Robert Baldwin, president of Christian Care Ministry said that pending medical payments were not actually legal liabilities of the ministry.
Your use of the word ‘abortion’ 3 times in your 3rd paragraph is alarming...especially in context with your use of the words “if” and “probably”.
The following summary of the Capps amendment which was adopted, 30-28, by lawmakers who are pro-choice, pro-life, and mixed-choice renders pending Health Reform legislation abortion neutral and allows everyone to exercise their “choice” on that issue:
• The health-benefits committee (or HHS secretary) may neither mandate nor ban abortion coverage in health-insurance plans in the exchange. Plans can choose whether or not to cover abortion, as they do now.
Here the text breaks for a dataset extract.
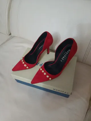 Preciosos zapatos de tacón de la marca MARYPAZ, talla 36. Son de color rojo y tienen un diseño elegante. Están completamente nuevos. - Tacón alto. - Diseño de tiras cruzadas. - Hebilla de cierre.

• No tax dollars may be spent on abortion services in the exchange - even in private plans. The new system would require plans to create separate accounts, one for public funds (subsidies for low-income people) and one for private funds (which individuals will pay as premiums). Plans could use only private funds to pay for abortion services.
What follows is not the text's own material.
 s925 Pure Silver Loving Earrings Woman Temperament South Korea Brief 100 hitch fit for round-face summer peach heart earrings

• In every coverage area, there must be at least one plan that includes abortion services and one plan that does not. On top of the separation-of-funds provision (above), this is an added assurance that individuals who feel very strongly against joining a plan that offers abortion can choose a plan that does not.
• Says explicitly that state laws restricting abortion, such as those mandating parental consent for minors, are not affected by the legislation.
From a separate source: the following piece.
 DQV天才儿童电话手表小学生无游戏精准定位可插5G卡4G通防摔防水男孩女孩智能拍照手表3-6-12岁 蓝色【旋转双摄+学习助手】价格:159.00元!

• Says explicitly that federal laws pertaining to "conscience" are not affected by the legislation.
Gibbs is right---Health care reform would increase choice.
Most employee health insurance programs to not offer more than one choice to employees. Often the only choice available consists of a plan that requires employees to spend more than 10% of their income to exercise this choice and obtain treatment for health conditions.
HR3200 would require potential insurers to offer insurance at certain levels. These levels would significantly curtail the need for individuals to seek bankrupcy as a way to climb out from under medical bills.
HR3200 would definitely offer the choice of seeking medical care to many who are currently unable to afford it.
Here are some figures from North Carolina
17 percent of people in North Carolina report not visiting a doctor due to high costs
The number of people uninsured for an entire year in the state of NC has increased from 1.1 million in 2001 to 1.4 million in 2008. The percent of non-elderly adults without insurance increased from 17.6% to 20.5%. The proportion of workers from North Carolina without insurance has increased, from 16.4% in 2001 to 18.8% in 2008. The new Census numbers also drive home the fact that everyone in North Carolina is vulnerable to losing health insurance. An additional 46,000 people from high-income households are now uninsured.
17.2483498 % of people in North Carolina are uninsured, and 70 percent of them are in families with at least one full-time worker.
The percent of North Carolinians with employer coverage is declining: from 64 to 56 percent between 2000 and 2007.
Roughly 5.1 million people in North Carolina get health insurance on the job1, where family premiums average $12,669, about the annual earning of a full-time minimum wage job.
Much of the decline is among workers in small businesses. While small businesses make up 75 percent of North Carolina businesses, only 43 percent of them offered health coverage benefits in 2006 -- down 4 percent since 2000.
Premiums for residents of North Carolina have risen 91% since 2000. Through health insurance reform, 1,405,200 to 1,577,800 middle class North Carolina residents will be eligible for premium credits to ease this burden.
Choice of health insurance is limited in North Carolina. Blue Cross Blue Shield NC alone constitutes 53 percent of the health insurance market share in North Carolina, with the top two insurance providers accounting for 73 percent.
Choice is even more limited for people with pre-existing conditions. In North Carolina, premiums can vary based on demographic factors and health status, and coverage can exclude pre-existing conditions or even be denied completely.